* **Task statement**:
Leave the pictures out and repeat the rest of the data below exactly.

═══ Records to process

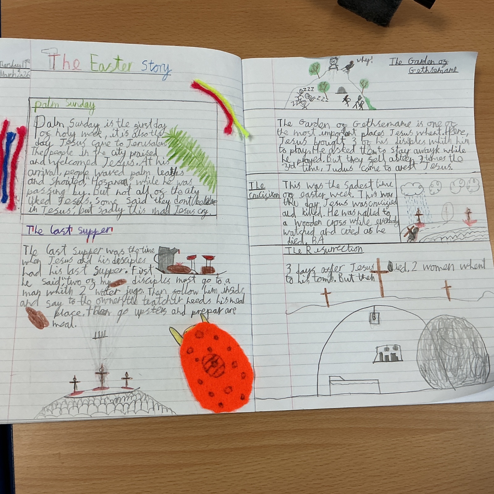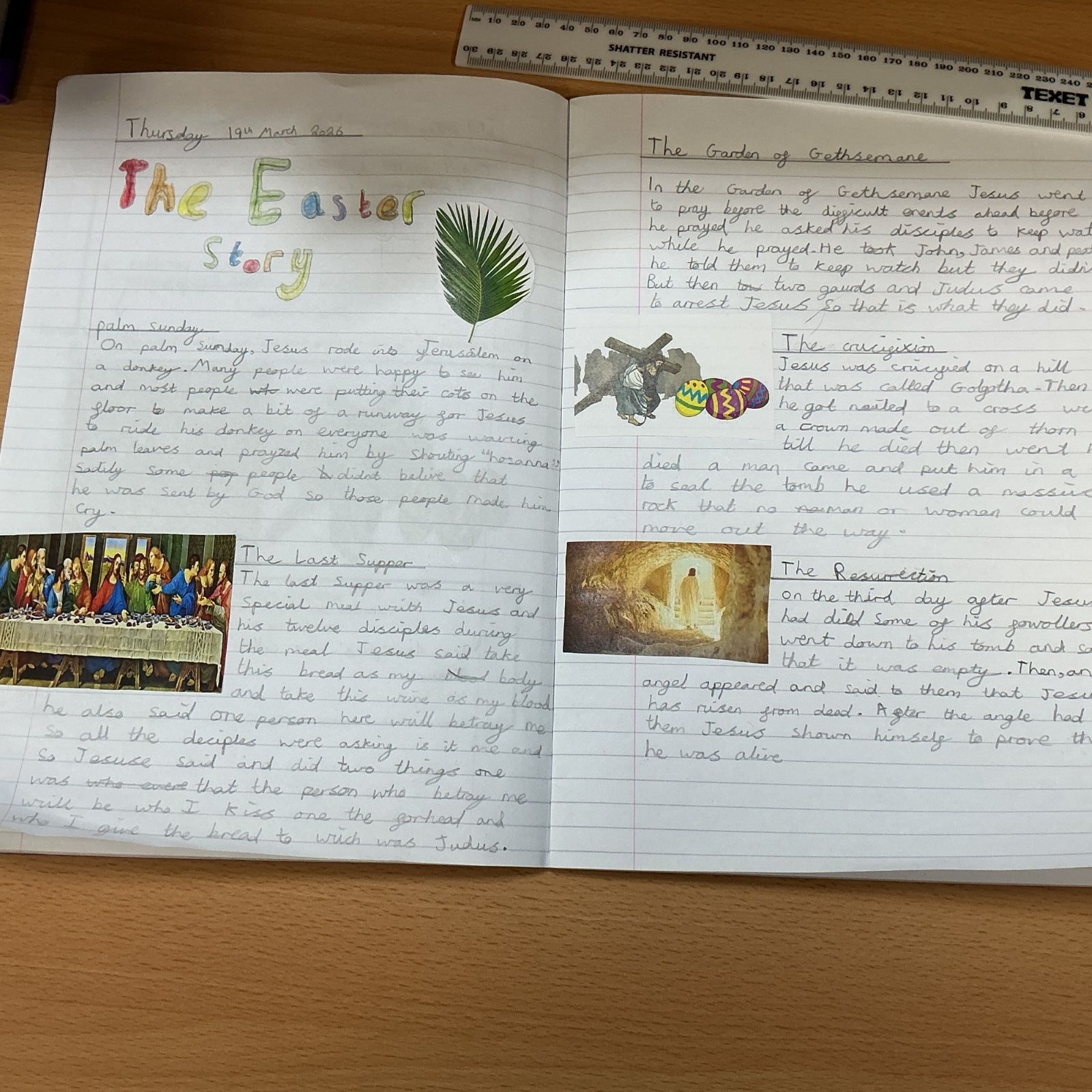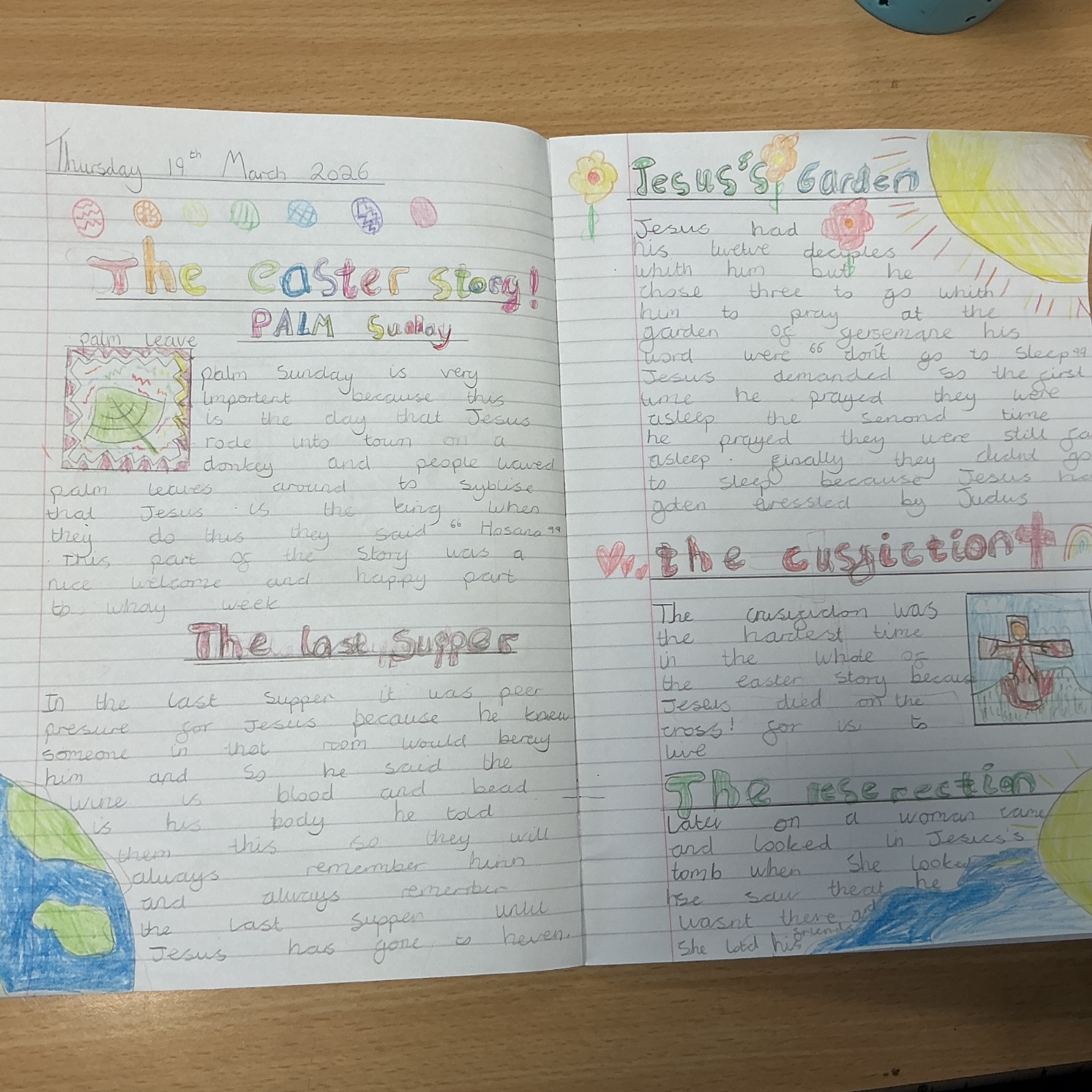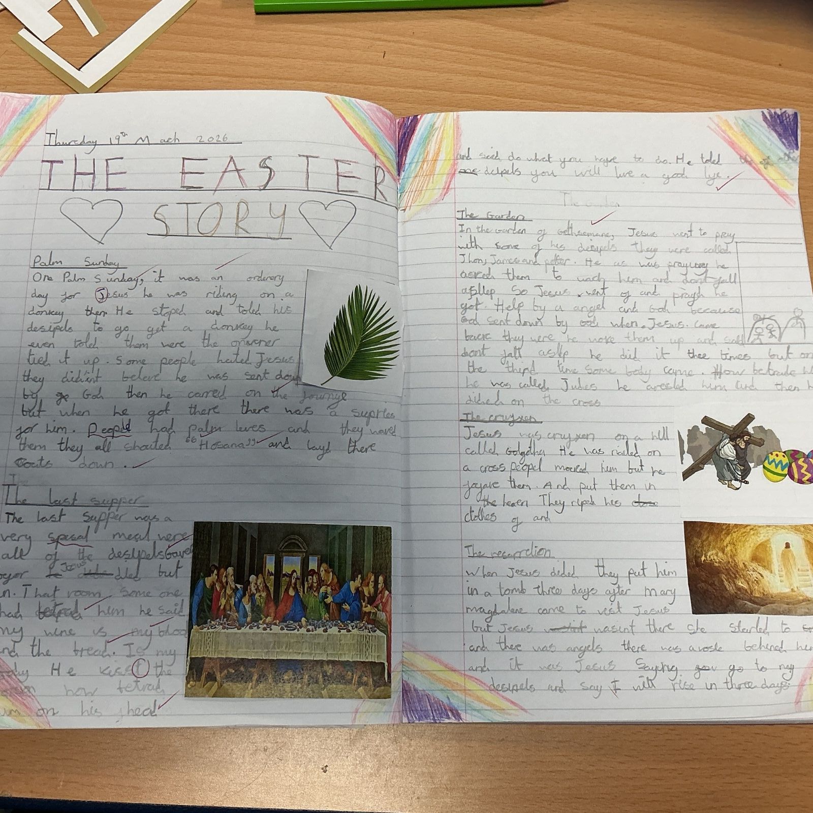 Wow! Take a peek at our Easter Stories that we have retold by using a 2 page spread. The children are extremely proud of their work and they look amazing. Well done, Year 4!
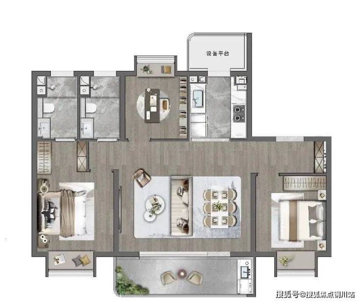 建面约122㎡舒阔三房:南北窗对向通风+独立服务阳台+约6米宽厅,实用性与尺度感拉满;客厅阳台一体化设计,带来奢侈的视觉享受;动静分区,提高居住舒适度。
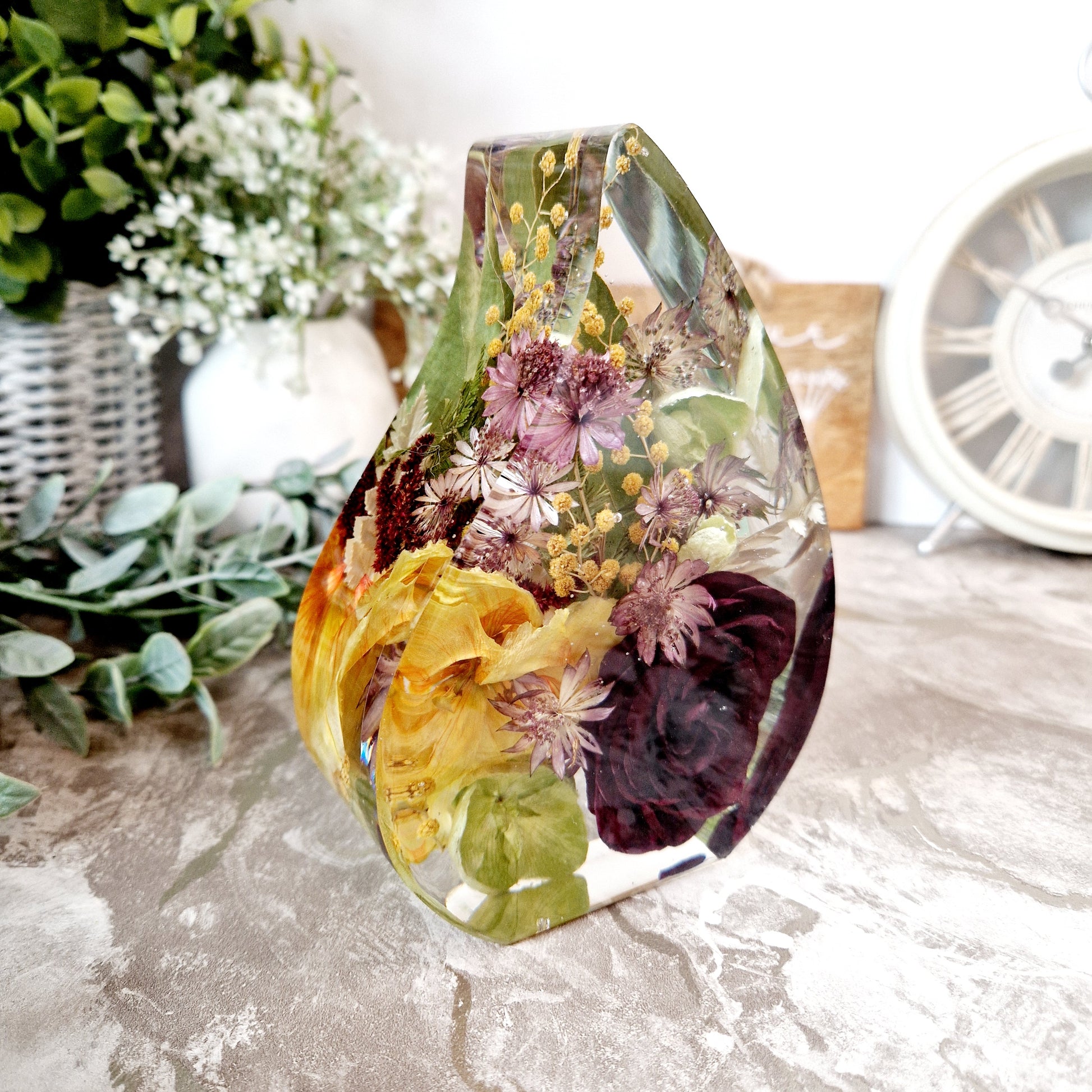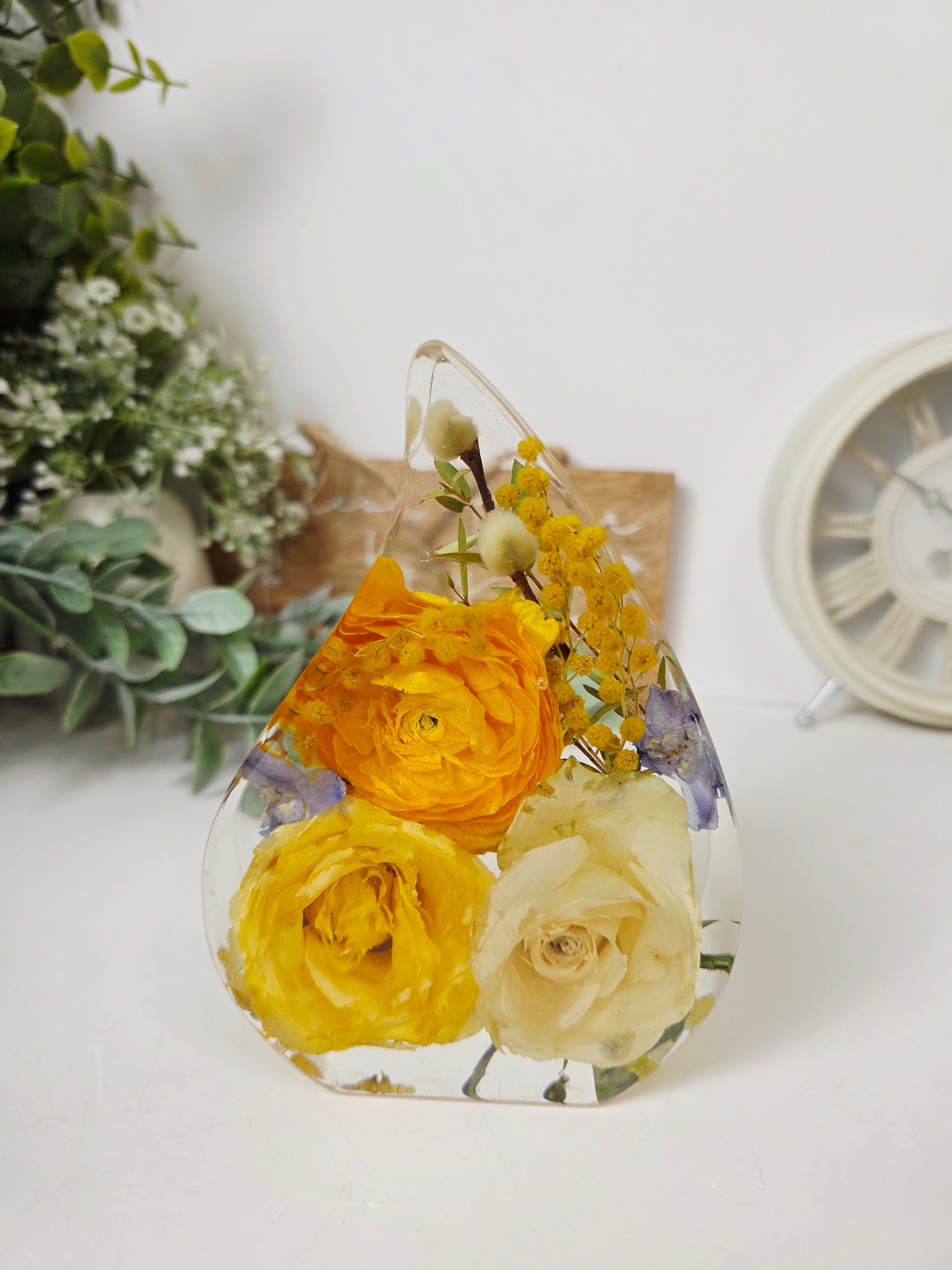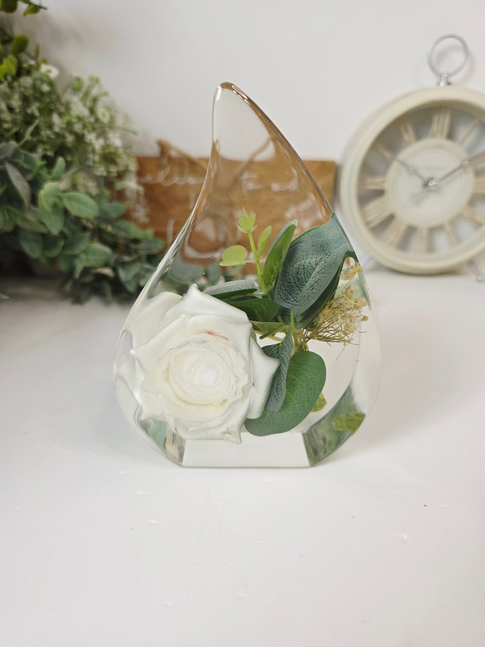 This elegant Tear Drop-shaped display, measuring 14cm tall with a 10cm width and 5cm depth, offers a refined way to showcase your precious preserved flowers. Its graceful form enhances any occasion's memories, making it a timeless piece for your home or gift collection.
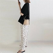ワイドパンツ レディース ボトムス ドット柄 ロングパンツ 春夏パンツ 水玉 大きいサイズ ゆったり 長ズボン ストレート 美シルエット ワイドパンツ カジュアル ウェストゴム 春夏 薄手 ロング丈 | gizshop
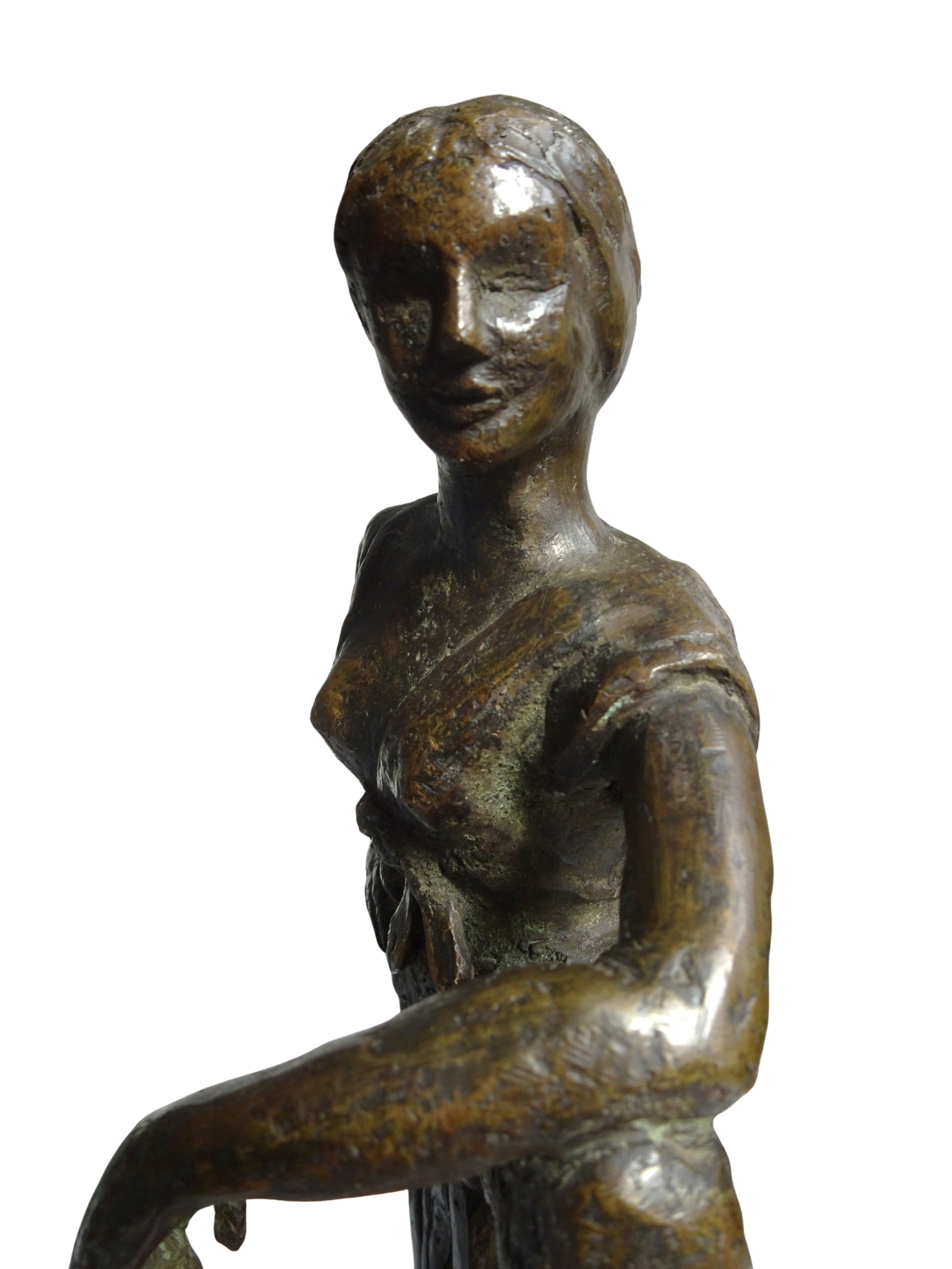 Bronzen beeldje van jonge vrouw op houten voetstuk.
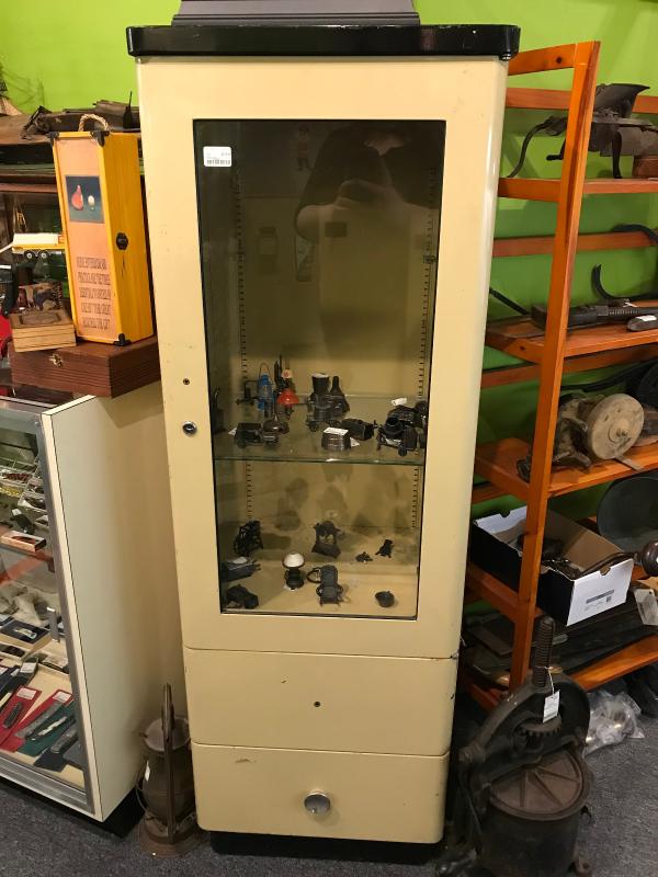 Nice all metal medical/dentil cabinet in beige and black. Locking glass upper door (no key) with adjustable glass shelf behind over two drawers. Door handle and one drawer handle missing. In very good original condition. 20" x 16 1/2" x 59 1/2" H Decorative items not included.
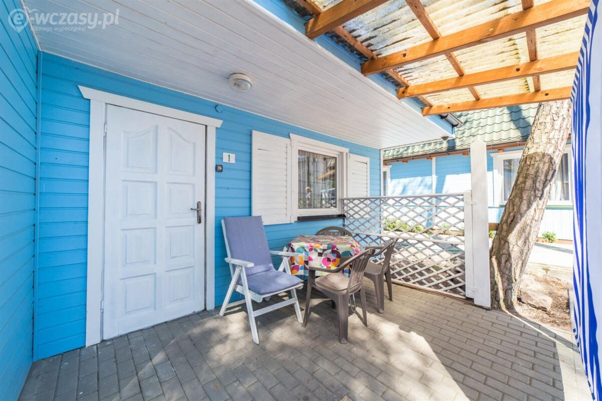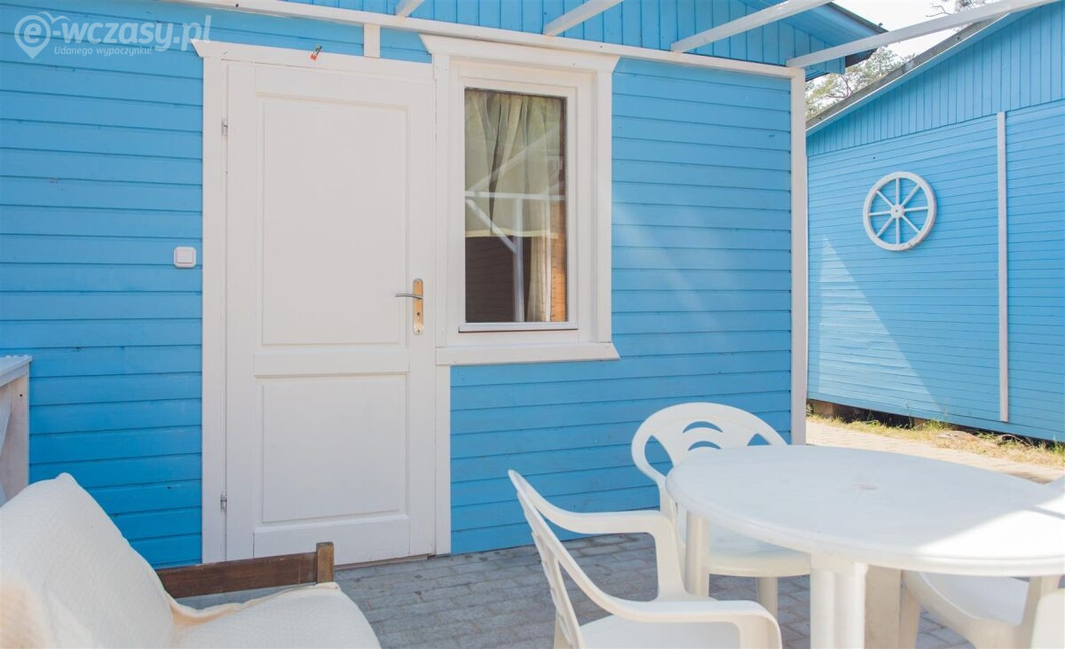 · przed każdym domkiem znajduje się zadaszony taras wyposażony w krzesła i stół.

══════

* **Answer section**:
 Wow! Take a peek at our Easter Stories that we have retold by using a 2 page spread. The children are extremely proud of their work and they look amazing. Well done, Year 4!
 建面约122㎡舒阔三房:南北窗对向通风+独立服务阳台+约6米宽厅,实用性与尺度感拉满;客厅阳台一体化设计,带来奢侈的视觉享受;动静分区,提高居住舒适度。
 This elegant Tear Drop-shaped display, measuring 14cm tall with a 10cm width and 5cm depth, offers a refined way to showcase your precious preserved flowers. Its graceful form enhances any occasion's memories, making it a timeless piece for your home or gift collection.
ワイドパンツ レディース ボトムス ドット柄 ロングパンツ 春夏パンツ 水玉 大きいサイズ ゆったり 長ズボン ストレート 美シルエット ワイドパンツ カジュアル ウェストゴム 春夏 薄手 ロング丈 | gizshop
 Bronzen beeldje van jonge vrouw op houten voetstuk.
 Nice all metal medical/dentil cabinet in beige and black. Locking glass upper door (no key) with adjustable glass shelf behind over two drawers. Door handle and one drawer handle missing. In very good original condition. 20" x 16 1/2" x 59 1/2" H Decorative items not included.
 · przed każdym domkiem znajduje się zadaszony taras wyposażony w krzesła i stół.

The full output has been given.